Dr. Ruth Kirschstein of NIH discussed efforts to improve health disparities, saying, “The elimination of health disparities will require a cross-cutting effort, involving not only various components of the Federal Government, but the private sector as well.” Expressing support for the creation of a National Center for Research on Minority Health and Health Disparities, Dr. Kirschstein said, “While we envision authority for the Center to award grants to fill-in research gaps and build capacity at research institutions, its major role would be to coordinate the efforts of all Institutes and Centers at the NIH.”

Addressing NIH’s efforts to include women in research, Dr. Kirschstein criticized a recent General Accounting Office (GAO) report, which found that while women were being included in NIH clinical trials, researchers were failing to analyze the data to reflect gender differences. “Unfortunately, GAO reviewed unpublished reports based on research that occurred before the new requirements were enacted…Meanwhile, data from 1998, the most recent available, show that nearly 67 percent of all participants in NIH-supported research were women,” she stated, adding: “We are confident that women are being included in clinical trials in large and increasing numbers. We are currently enhancing a new NIH-wide system for tracking clinical trial data to ensure that women are accurately counted.”

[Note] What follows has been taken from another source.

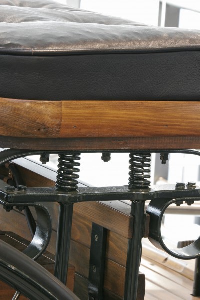 Benz didn’t only fit the engine to a carriage, replacing the horses, but he was the first who imagined a purpose-built chassis. The 1-speed “Velociped” working was very simple: the four-stroke horizontal monocylinder engine, without carter, lubricated by oilers and with ignition by Ruhmkorff coil and evaporation carburetor, transmitted the power to a secondary shaft with differential through a leather belt. The motion was transmitted to the wheels through the chains.
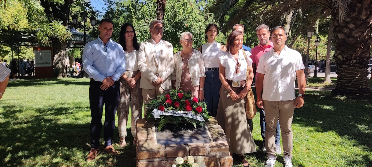 El acto homenaje ha contado con la presencia de representantes del equipo de gobierno y grupos municipales. El primer teniente de alcalde, José Antonio Barba, ha sido el encargado de depositar el centro floral del Ayuntamiento junto al ya tradicional ramo de flores con nueve rosas que Comisiones Obrera pone al pie de la placa, colocado por el secretario provincial de CCOO, José Manuel Muñoz, junto a otros miembros de su organización.

Detailing the GAO report, Phyllis Greenberger of the Society for Women’s Health Research concurred with several of the GAO’s recommendations. “Indeed, it took the GAO audit to determine that nearly 1/3 of the studies examined enrolled less than 50% women,” she said, adding: “Among the six institutes the GAO examined in its 2000 report, the percentage of NIH studies tracked ranged from 13% at the National Institute of Allergy and Infectious Disease to 60% at the National Institute for Child Health and Human Development.” She recommended that each institute be given the same requirements for tracking enrollment data.

Additionally, according to Ms. Greenberger, “The Society recommends that individual studies be tracked not only for the number and proportion of male and female subjects, but also for whether sex analysis is completed at the time funding ends. This method of tracking would be far more useful to understanding whether the inclusion policy is being carried out….The inclusion of women in clinical research is not the final goal—it is a means to the performance of analysis by sex. Without such analysis, our knowledge of biology remains incomplete.”

House Action

Also on July 26, the House Commerce Committee approved, by voice vote, the House companion bill (H.R. 3250), sponsored by Rep. Bennie Thompson (D-MI). The committee approved three amendments by voice vote.

Rep. Brian Bilbray (R-CA) offered a substitute amendment that would change all bill references from “minority populations” to “health disparity populations, including minority populations.” The other amendment, offered by Rep. Diana DeGette (D-CO), would expand the data collection systems to include age and gender. The bill would have collected data only on race and ethnicity. The third amendment, offered by Rep. Eliot Engel (D-NY), would add environmental factors to the list of research items.

During the Senate hearing, Sen. Frist expressed his support for moving the Senate bill after the August recess.